Federal Judge: Why No Wall Street Execs have been Prosecuted for Fraud during the Financial Crisis
As the financial crisis recedes, one nagging question remains: Why have no high-level executives been prosecuted for fraud in the way Charles Keating was brought to justice after the savings-and-loan debacle in the late 1980s?
After first swatting away the excuses put forward by prosecutors to date, Judge Jed Rakoff of the Federal District Court in Manhattan, has put forward his own answer to this quandry that might not be easy to swallow.
Rakoff argues in an essay in the latest issue of The New York Review of Books that government prosecutors have been leery of bringing Wall Street bosses to trial because high-level government officials might be dragged into the mix.

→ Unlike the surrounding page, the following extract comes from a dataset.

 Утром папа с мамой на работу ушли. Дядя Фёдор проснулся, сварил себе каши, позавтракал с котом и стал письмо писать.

Rakoff, who has previously made a name for himself as being a thorn in the side of both Wall Street and Washington, said he was not suggesting that the government participated in any fraud.
“But what I am suggesting is that the government was deeply involved, from beginning to end, in helping create the conditions that could lead to such fraud, and that this would give a prudent prosecutor pause in deciding whether to indict a CEO who might, with some justice, claim he was only doing what he fairly believed the government wanted him to do,” Rakoff said.

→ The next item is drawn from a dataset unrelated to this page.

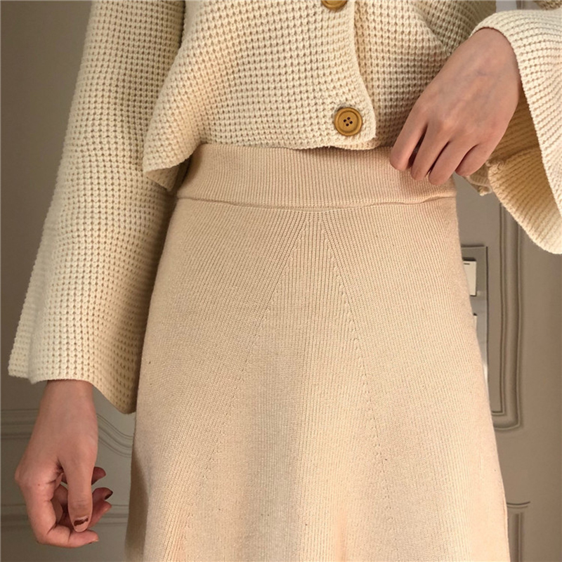 復古風破洞針織半身裙女秋裝新款高腰顯瘦中長裙休閑寬松A字裙子

It was the government that repealed Glass-Steagall, encouraged deregulation and weakened oversight of the watchdog agencies, Rakoff noted.
The Office of Thrift Supervision ran a successful campaign to preempt state regulation for thrift underwriting and then terminated its own mortgage underwriting regulations entirely, he said.
And if mistakes were made and liabilities not disclosed during the “shotgun marriages” of Bank of America with Merrill Lynch and J.P. Morgan with Bear Stearns, was it not partly the government’s fault? he asked.
Another factor which Rakoff calls maybe the most important, is that there has been a shift over the past 30 years from focusing on prosecuting individuals to prosecuting companies.
He said that this practice “has led to some lax and dubious behavior on the part of prosecutors, with deleterious results.”
Companies are happy to enter into deferred prosecution agreements under which they agree to pay fines and accept prophylactic measures.
“But perhaps happiest of all with this trend are the executives or former of the companies who committed the underlying misconduct for they are left untouched,” he said.